Жизнь разлучила нас с моим возлюбленным. И я никогда больше не встречалась с ним. Но я знаю, что он прошел славный путь. Он командовал армиями, его награждали русские государи, его любили солдаты. В битве с французами под Москвой он был тяжело ранен – он вел своих солдат все так же, как в молодости, верхом на белом коне, ни в чем не ведая страха. И они шли за ним. Потом он умер. Много лет я лелеяла мечту поехать в Петербург и увидеться с ним, но возможность мне не предоставлялась. Только после его гибели обстоятельства сложились, и я оказалась в России. Я плакала над его могилой через тридцать лет после того дня, как мы виделись в последний раз. Не знаю, помнил ли он обо мне. Но я любила только его одного. Всю жизнь. Люблю и помню и сейчас. Поэтому я решилась помогать России, чтобы исполнить долг, который он не успел отдать ей до конца. И потому что Россия изгнала персов из Грузии, защитив мой сожженный дом.
– Как же звали того юношу, вашего возлюбленного, сестра? – едва слышно спросила у нее Мари-Клер.
– Князь Багратион. Генерал и князь Багратион.
Вечер над Москвой-рекой все сгущался – теплый, светлый. На широкой поляне перед самым лесом серебряно светился чешуйками купол часовни.
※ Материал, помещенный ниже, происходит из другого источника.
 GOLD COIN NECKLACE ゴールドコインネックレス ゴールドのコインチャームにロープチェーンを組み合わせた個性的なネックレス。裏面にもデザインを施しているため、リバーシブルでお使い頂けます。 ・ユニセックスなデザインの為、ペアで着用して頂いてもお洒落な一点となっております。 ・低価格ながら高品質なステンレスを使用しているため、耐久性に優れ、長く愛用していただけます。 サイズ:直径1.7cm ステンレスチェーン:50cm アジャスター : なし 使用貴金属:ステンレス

Слышалось отдаленное мычание коров – пастухи гнали с пастьбы стада. Небо играло звездами, и словно зачарованный их небесным огнем вспыхнул сноп пламени рядом с часовней.
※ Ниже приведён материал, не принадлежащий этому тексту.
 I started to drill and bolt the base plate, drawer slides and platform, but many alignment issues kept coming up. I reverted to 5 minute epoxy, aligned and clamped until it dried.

– Ой, что это? – вскрикнула Мари-Клер и испуганно схватила Сашу за руку.
– Не бойтесь, мадемуазель, – успокоил ее князь, – это всего лишь костер. Кто-то из пастухов разжег, верно, чтобы передохнуть с пути, – она не отнимала руки, и он держал ее в своей. Ветер колыхал светлые завитки волос Мари, падающие на цикламеновый шарф, который она все так же взволнованно сжимала свободной рукой.
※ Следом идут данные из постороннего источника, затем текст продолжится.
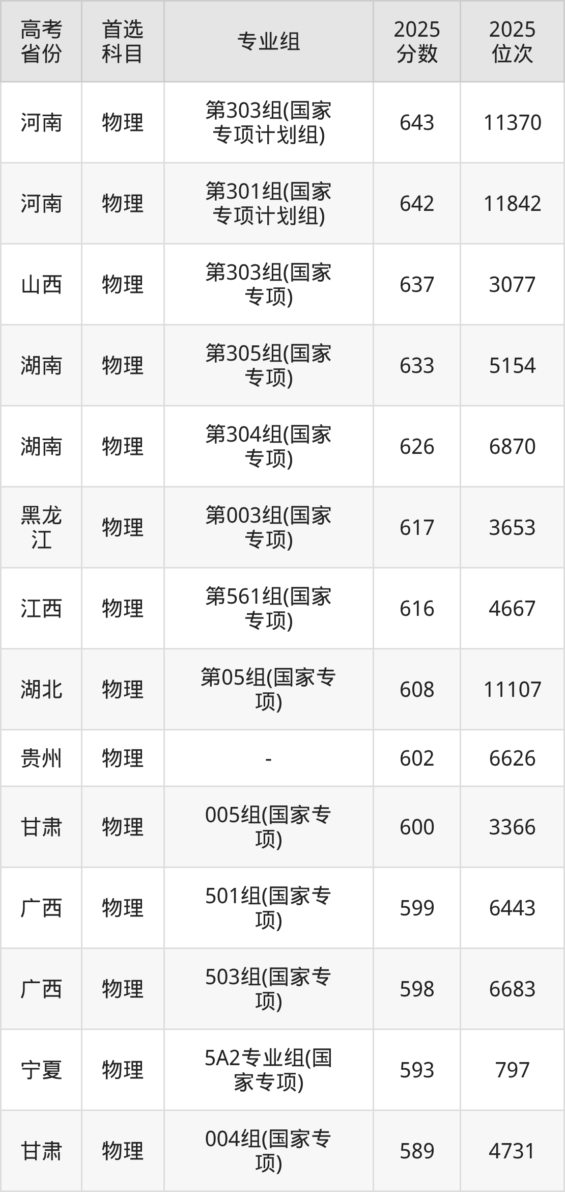 下方图片展示的是东南大学国家专项2025年录取分数线汇总:

– Возможно, вы желаете прогуляться, мадемуазель, – по-прежнему ровно предложил ей Саша.
И она не согласилась, не посмела согласиться, только выдохнула из себя:
– Да… Я желаю…
Понимая ее скованность в отношении к нему общей непривычкой к русской жизни, Саша крикнул в сопровождающие им верного Афоньку, который скоро возник перед хозяином.
– Никак за дровишками на ночь глядя собрались, ваша светлость? – спросил у молодого князя с хитрецой, слегка прищурив косоватый глаз.
– Не за дровишками, за дровишками завтра с тобой поедем, – отвечал ему Саша беззлобно. – Вот мы с мадемуазель на прогулку нынче отправиться решили, так ты как знаток здешних травок-муравок расскажи, что и как растет, чтобы мадемуазель знала, да с родным французским сравнить могла после.
– Про травки-то легко расскажем, – согласился Афонька, – всякой всячины в округе полно. Встречаются и очень нужные.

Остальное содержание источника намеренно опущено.